The TLIG will aid Dr. Kuldell to further develop this curriculum. She is engaging with local educators as partners in this development, much in the same way that the WW Academy is working with local school districts. The design-thinking model used by the WW Academy and reinforced by the collaboration with MIT is evident in the grant project. By involving teachers from the very beginning, not only will the evolution curriculum be informed by the realities of the classroom, but it gives the teachers a great deal of ownership over what is being built.

“It’s not only curriculum development,” says Dr. Kuldell. “It is also professional development for the teachers in a very meaningful way… they’re excited to be developing the curriculum. I think it is invigorating for them to be engaging at an intellectual level with curriculum development and realizing their potential in those ways.”

These sorts of partnerships and collaborations are at the very core of the WW Academy program. “I think some of the work that the Academy is focused on is this development of expert and wonderful teachers,” says Dr. Kuldell. “So I think that the overlap [between the Academy and BioBuilder] is this notion that we can not just empower teachers to be agents for delivery of information, but actually engage them as partners in education and education reform.”

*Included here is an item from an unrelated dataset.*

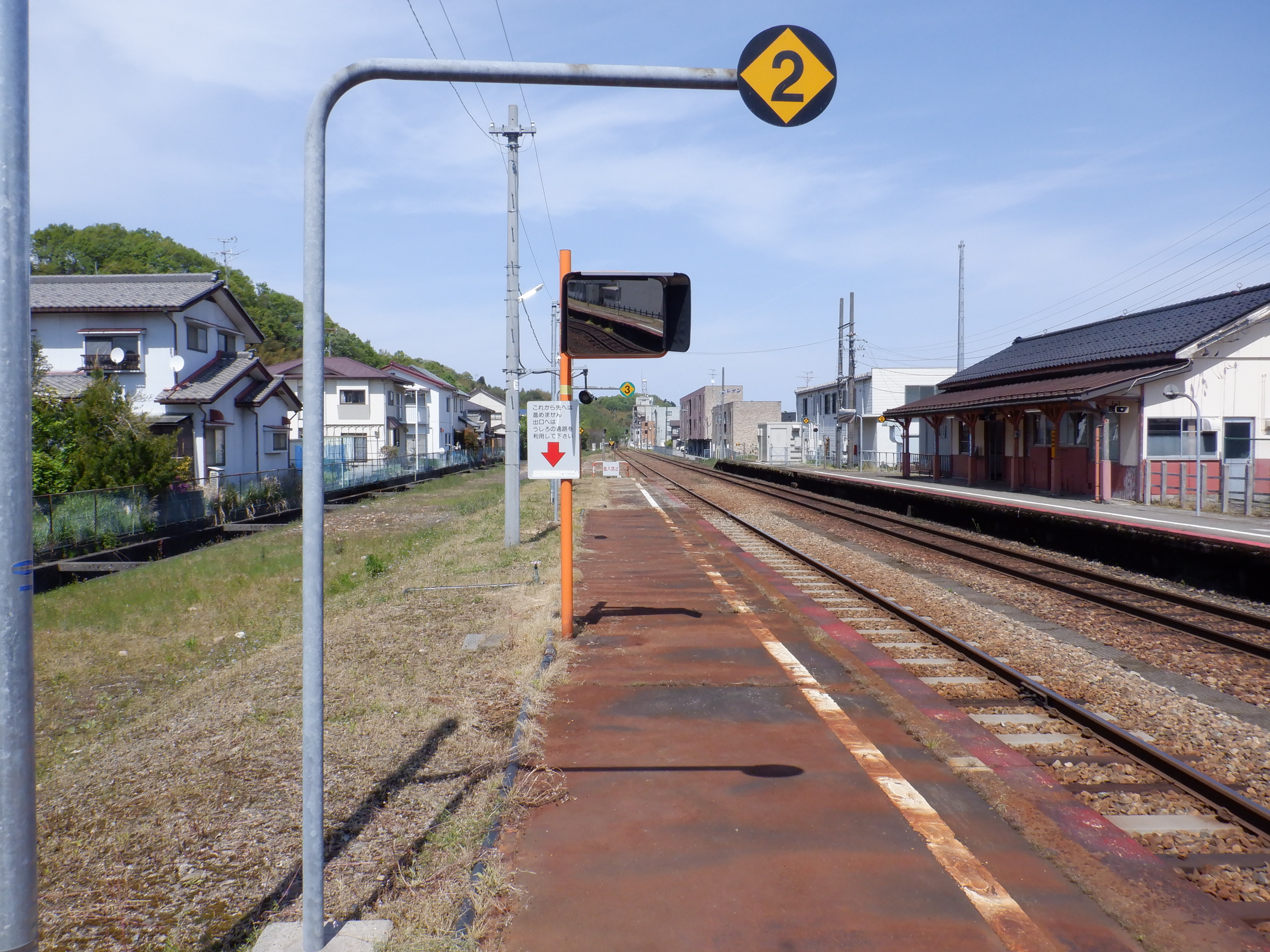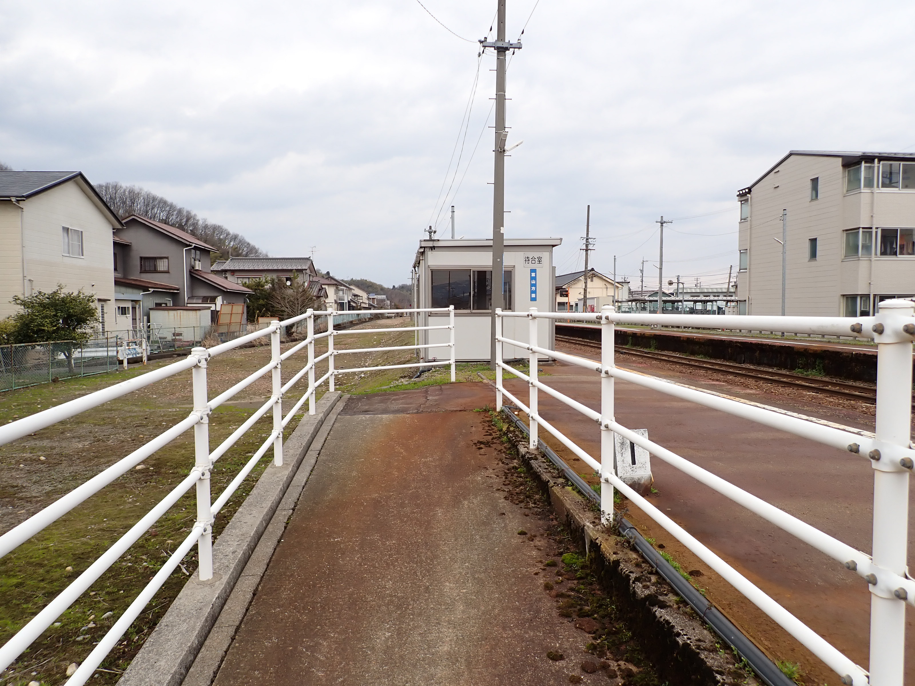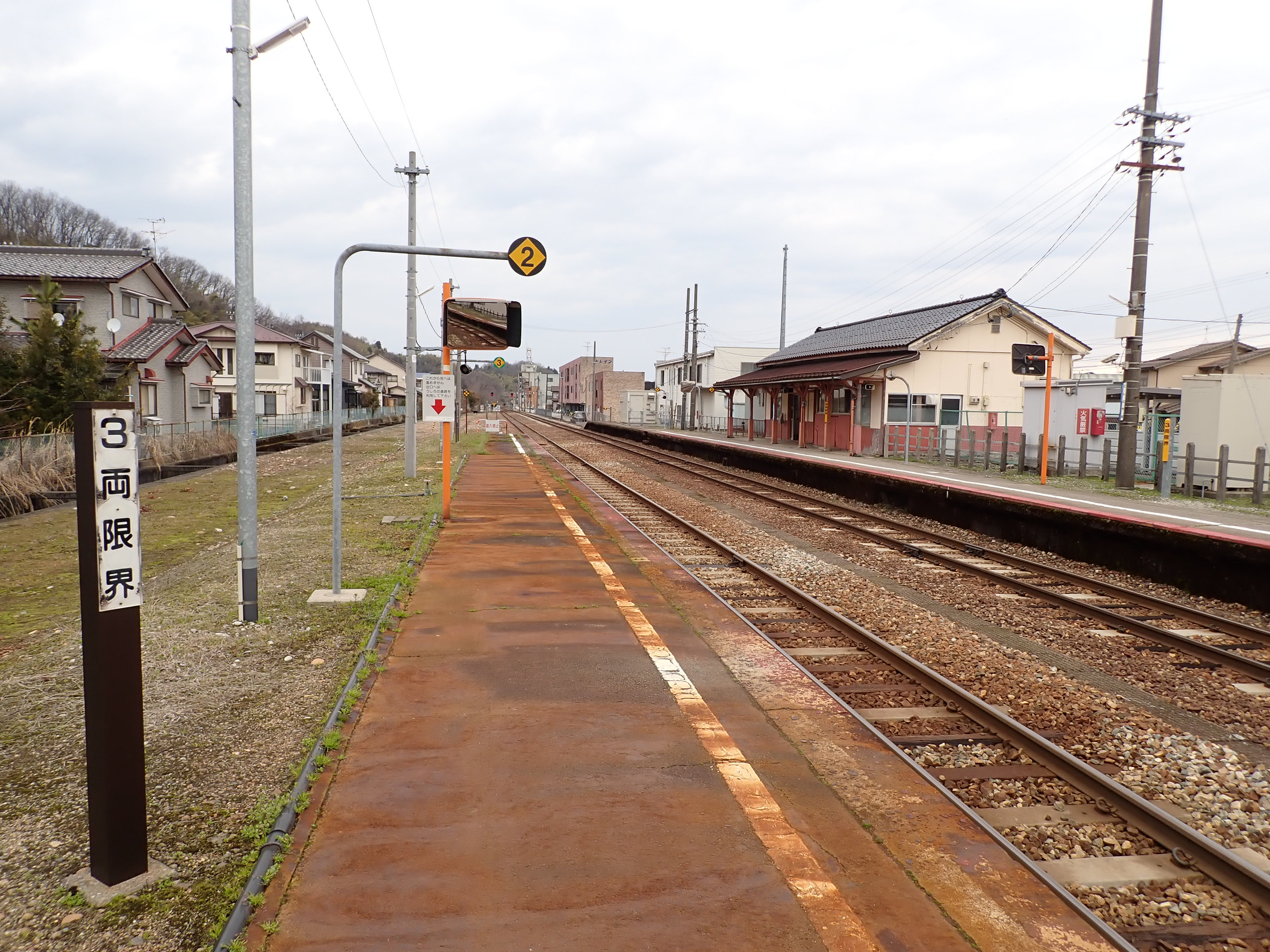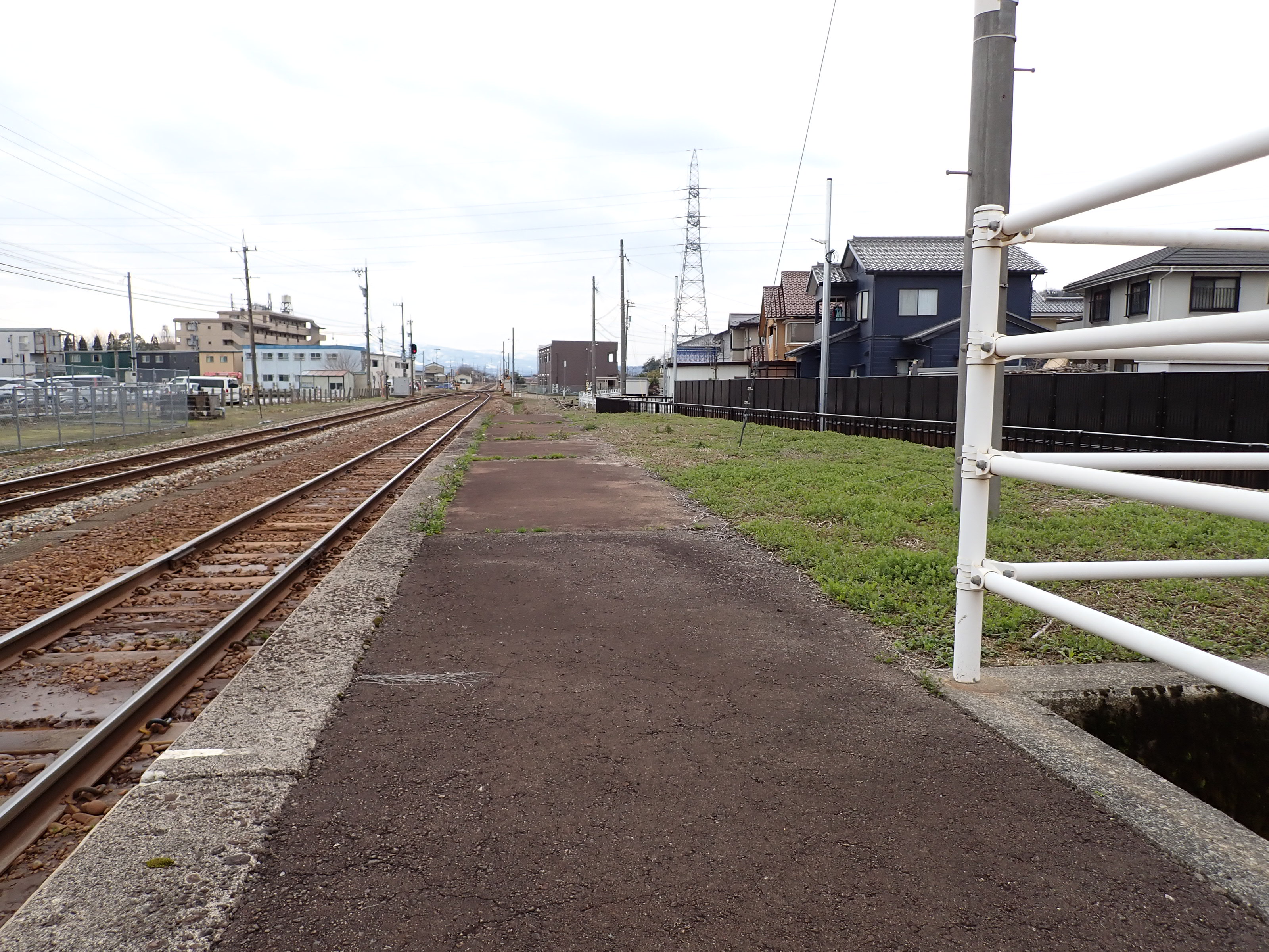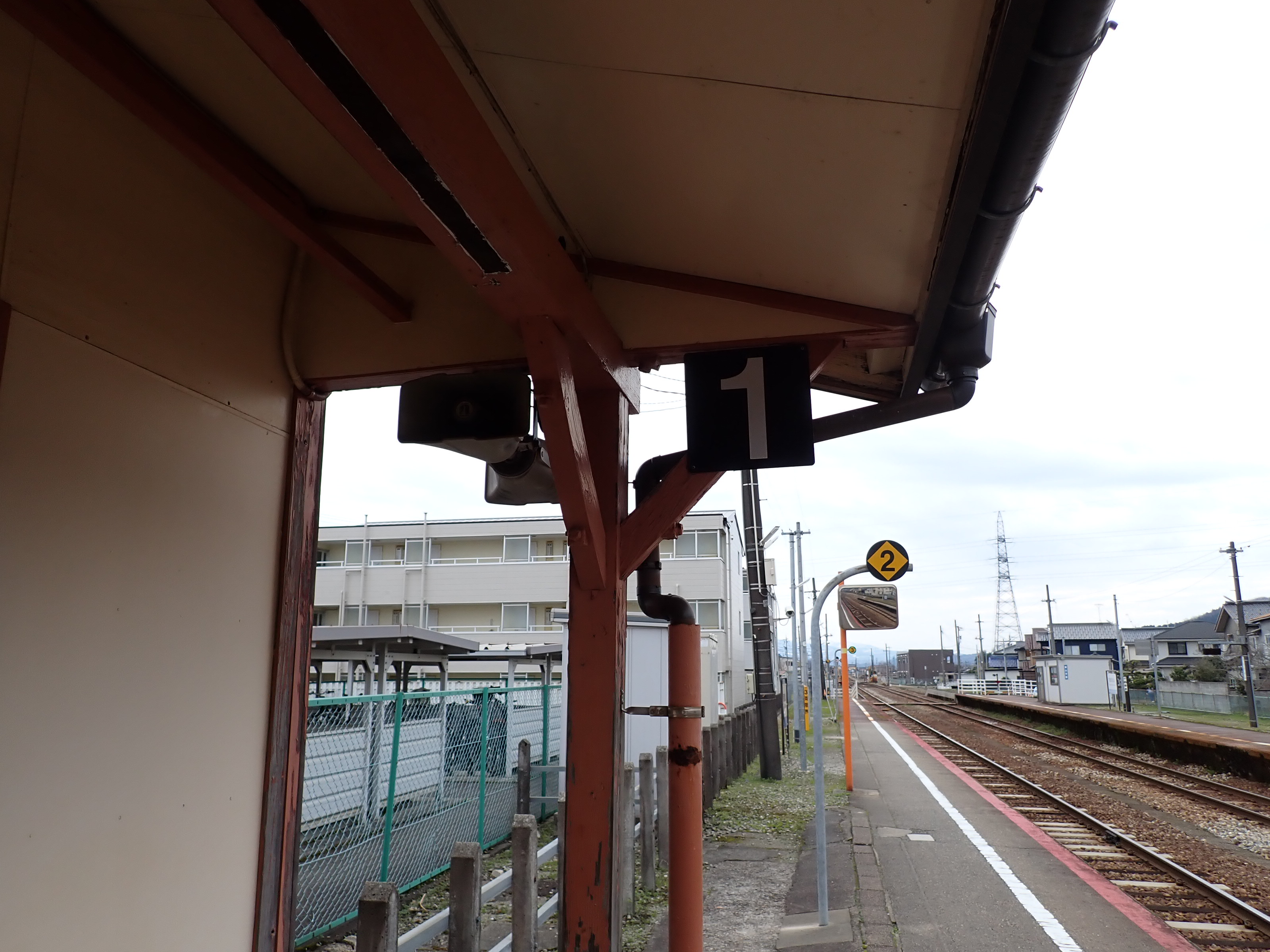 構内踏切を渡ったところから見た2番のりば婦中鵜坂方面。

The WW Academy team is including a wide range of perspectives in its design that includes the inaugural Design Fellows, teachers, as well as staff and faculty at MIT. “I think it’s really important that we reconsider the fundamental questions around teaching,” says Dr. Kuldell. “The Academy is doing that, and I am trying to do that.”

The 2017 grantees include research that is focused on the application of learning sciences to teaching math, the use of technology to demonstrate students’ thinking, and the use of maker-space projects for STEM subjects.